A Blueprint For Mortgage Criteria In 2014, Courtesy of CFPB

What will the basic criteria for a mortgage loan be in 2014? You don’t need a time machine to find out. The Consumer Financial Protection Bureau recently published a guide for mortgage lenders that outlines the criteria for the Qualified Mortgage (QM) and Ability-to-Repay (ATR) rules. These two rules, which take effect in January 2014, will essentially set the bar for mortgage lending criteria in the U.S.

Ability-to-Repay Criteria (ATR) at a Glance

The Ability-to-Repay rule requires mortgage lenders to verify the borrower’s ability to repay the loan (hence the name). It also establishes some specific underwriting criteria for mortgage lenders. I wrote about those criteria in a previous story. Here’s a recap.

Under the ATR provision, lenders must consider the following mortgage criteria at a minimum:

  1. Current income and assets
  2. Current employment status (if employment income will be used to qualify for the mortgage)
  3. Expected monthly payments for the mortgage loan
  4. Monthly payments for other loans associated with the property (i.e., second mortgages)
  5. Estimated payment amount for property taxes, homeowners insurance, and HOA fees
  6. Total amount of the borrower’s recurring monthly debts
  7. Borrower’s debt-to-income ratio, or DTI
  8. Borrower’s credit history

These eight points give us some insight into the standard criteria for mortgage lending in 2014. For the most part, this is what lenders are doing right now.

During the housing boom, you could circumvent many of these requirements by using one of several “exotic” mortgage products, such as the stated-income or no-documentation (“no doc”) loan.
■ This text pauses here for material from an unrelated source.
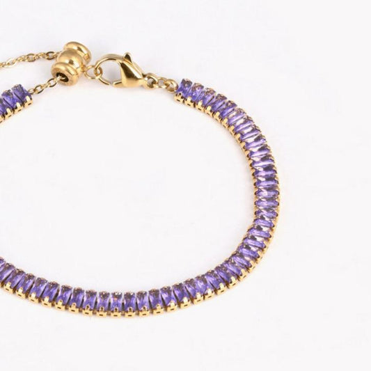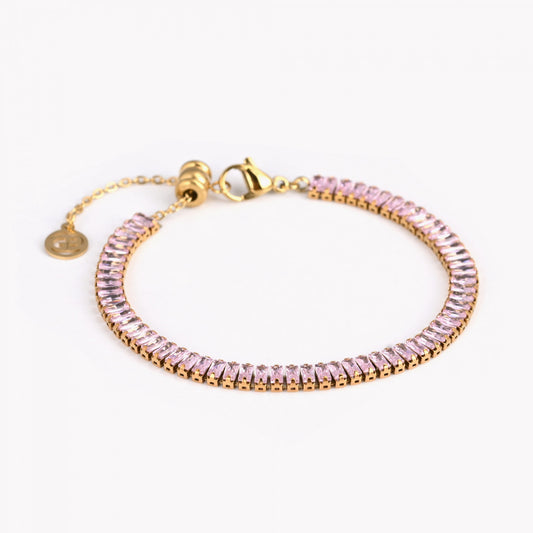 Pulsera de acero riviera cristales baguette malva acabado oro

But lenders have stiffened their mortgage criteria since then. The bottom line is that most lenders already adhere to these eight underwriting checkpoints, even though the ATR rule doesn’t take effect until 2014.

The takeaway: Lenders will carefully consider your ability to repay the loan, using the eight mortgage criteria listed above (at a minimum). Lenders can impose their own guidelines on top of the minimum criteria established by these new rules.

Mortgage Criteria Required Under QM

The Qualified Mortgage, or QM, is another significant rule that will take effect in January 2014. While the ATR mortgage criteria focus primarily on the borrower’s ability to repay, the QM rule is geared toward the prohibition of risky loan features. QM also puts a cap on certain mortgage fees and imposes a minimum debt-to-income ratio for borrowers.

Here are some highlights from the CFPB lender guide mentioned earlier:

  • Under the QM criteria for mortgage loans, certain “risky features and practices” are prohibited. These prohibited features include negative-amortization home loans (where the outstanding balance increases) and loans with¬†interest-only payments.
  • In general, borrowers will be limited to a total debt-to-income ratio, or DTI, no greater than 43%. Of all the mortgage criteria included in the new rules, we expect this one to have the biggest impact on borrowers. Many people will be excluded from the market as a result of having too much debt.
  • Points and fees charged by the lender cannot exceed 3% of the amount being borrowed. This rule generally applies to mortgages of $100,000 or more. Points and fees can exceed 3% on smaller loans below $100,000.

Lenders who adhere to these basic criteria for mortgages will be given some form of legal protection against consumer lawsuits. “Higher-priced” mortgage loans — defined as loans with an APR that exceeds the average prime offer rate (APOR) by 1.5% or more — will have a rebuttable presumption that offers limited legal protection. Mortgage loans that are not higher-priced will have a safe harbor that provides even more protection for the lender. So the banks have a strong incentive for following these criteria for mortgage loans.

Credit Scores Not Included in New Rules, but Still Important

Credit score criteria have not been written into the ATR and QM rules. But they’re still important for borrowers. Mortgage lenders use these three-digit numbers as a risk-analysis tool. A borrower with a low credit score is considered a higher risk by the lender, and will therefore have a harder time getting approved for a loan.

Minimum mortgage criteria for credit scores vary from one lender to the next. Based on a number of surveys and conversations with lenders, we have determined that most are setting the bar somewhere between 620 and 640, on the FIFO scale. Borrowers with scores below 620 may have a harder time qualifying for a mortgage.

Disclaimer: This article examines some of the criteria for mortgage loans we may encounter in 2014. This information was adapted from rules and guidelines available at the time of publication. Lending guidelines change all the time. So there is a chance this information may become less accurate over time. The best way to find out if you are qualified for a mortgage is to apply for one. Don’t let something you read online discourage you from taking this important step.